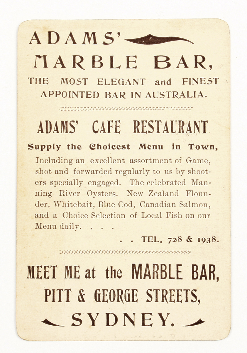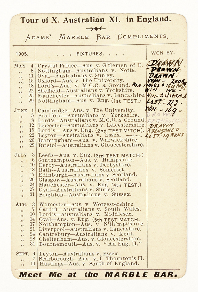 Rare 1905 fixtures card for the Australian cricket tour in England. Manuscript scores noted for May and June. Advert for the famous Adam’s Marble Bar which was on the site of the present day Hilton Hotel, George street, Sydney.
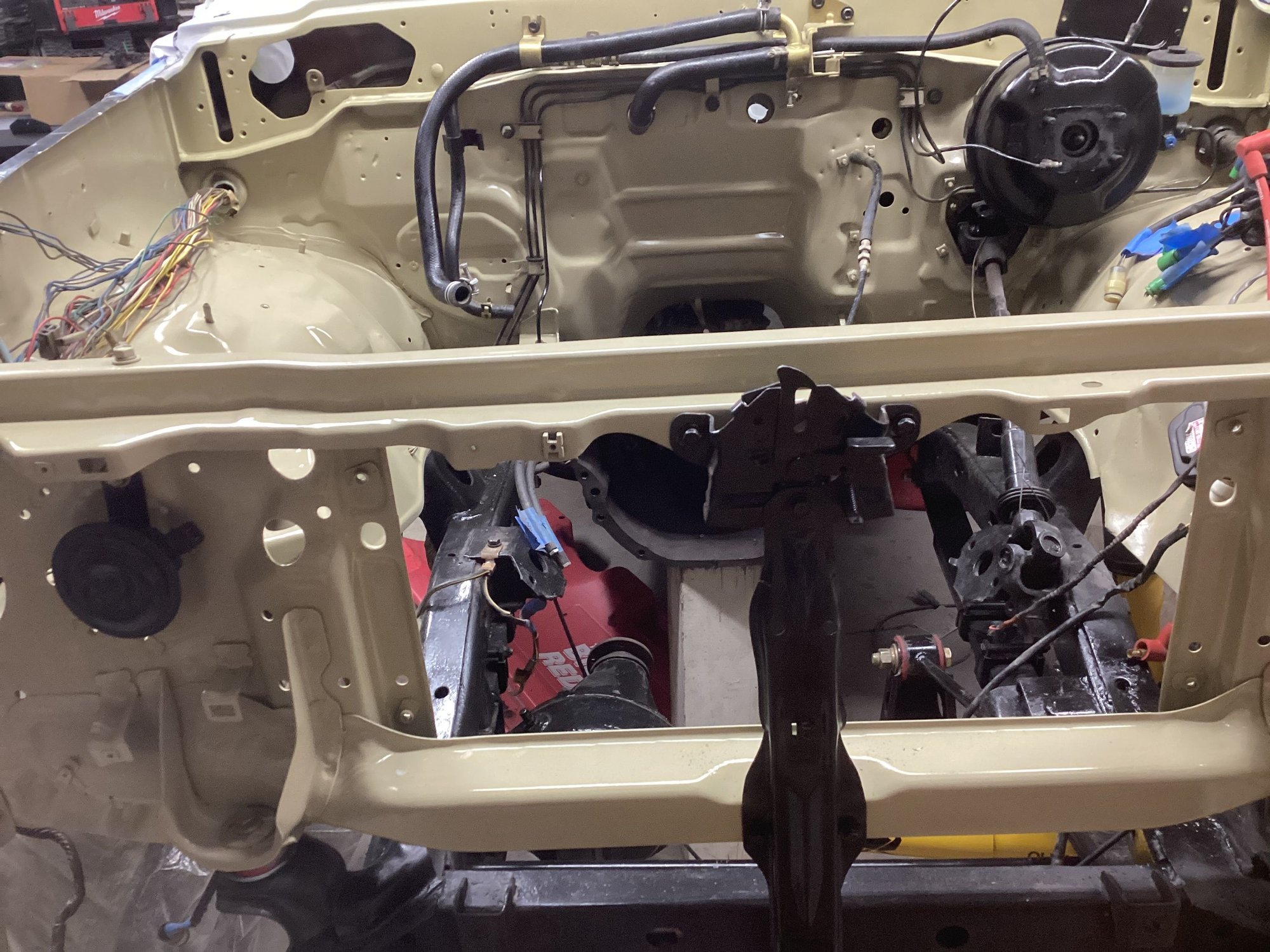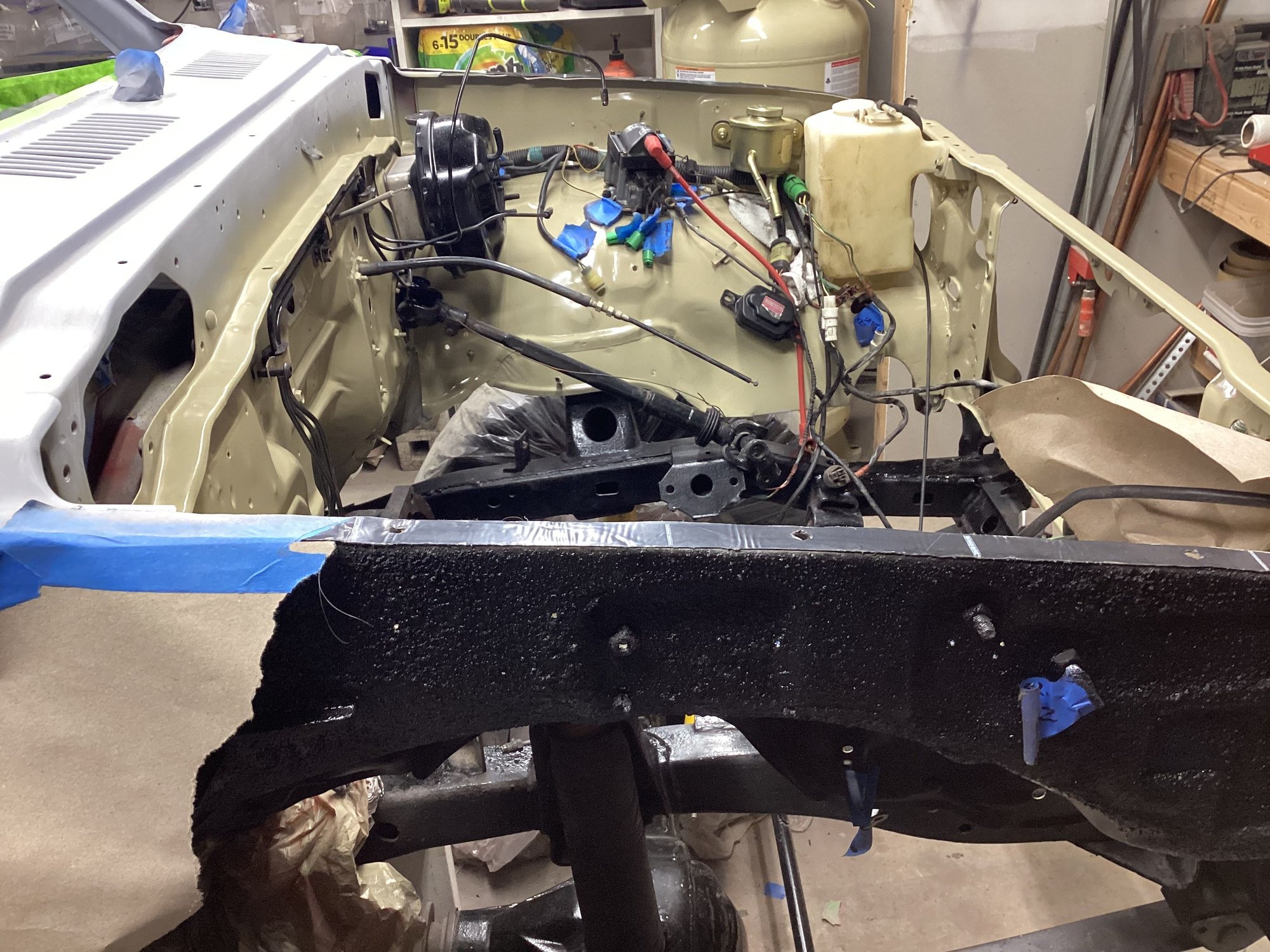 Did a little more re assembly work this afternoon on the windshield squirters, hood hinges, underside of hood, etc. Still waiting on a throw out bearing and clutch master cylinder gasket to arrive. Here are a couple updated photos.
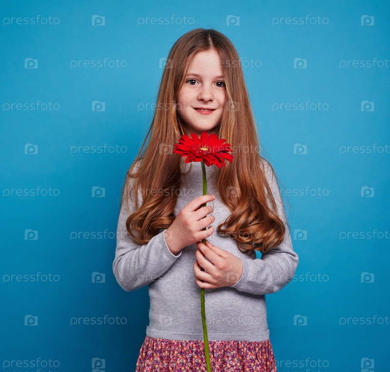 Девочка с красным цветком
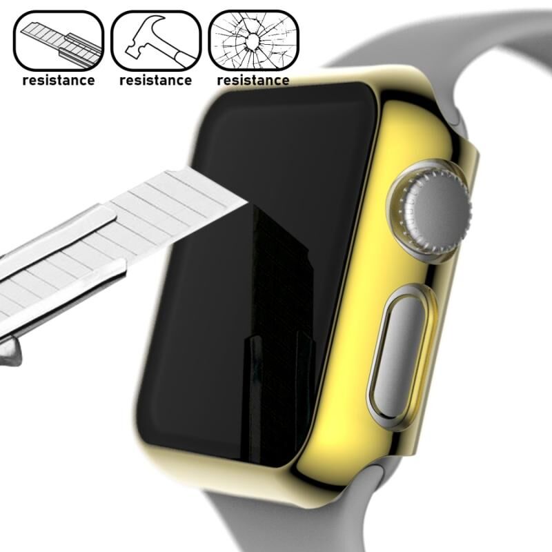 For Apple Watch Series 3 & 2 & 1 38mm Full Coverage Plating Glass Case(Gold)
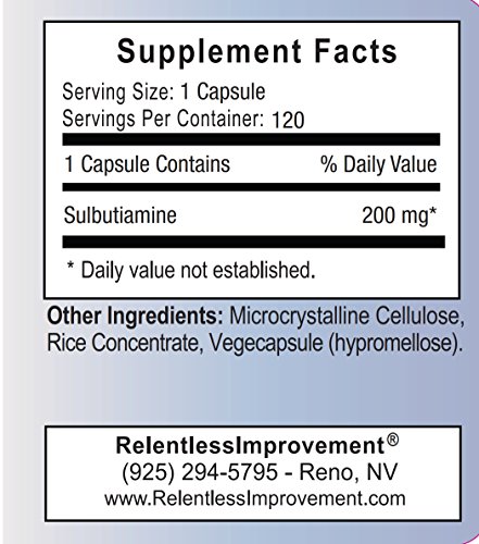 -. Binding : Health and Beauty -. Brand : Relentless Improvement -. EAN : 0854463005320 -. Feature : Manufactured in USA, FDA registered, cGMP facilities. / The effect of sulbutiamine can be described as a boost in mood, almost euphoric in some cases, comparable to a very strong coffee without the agitation and anxiety sometimes associated with caffeine -. Label : Relentless Improvement -. Manufacturer : Relentless Improvement -. ProductGroup : Health and Beauty -. ProductTypeName : HEALTH_PERSONAL_CARE -. Publisher : Relentless Improvement -. Studio : Relentless Improvement -. Title : Sulbutiamine 200mg x 120 capsules. -. UPC : 854463005320

---*---

- Exercise directions
When you transcribe the entries above, begin at their first line, end with the line containing "Did a little", and copy each line exactly without any picture.

- Answer space
 Rare 1905 fixtures card for the Australian cricket tour in England. Manuscript scores noted for May and June. Advert for the famous Adam’s Marble Bar which was on the site of the present day Hilton Hotel, George street, Sydney.
 Did a little more re assembly work this afternoon on the windshield squirters, hood hinges, underside of hood, etc. Still waiting on a throw out bearing and clutch master cylinder gasket to arrive. Here are a couple updated photos.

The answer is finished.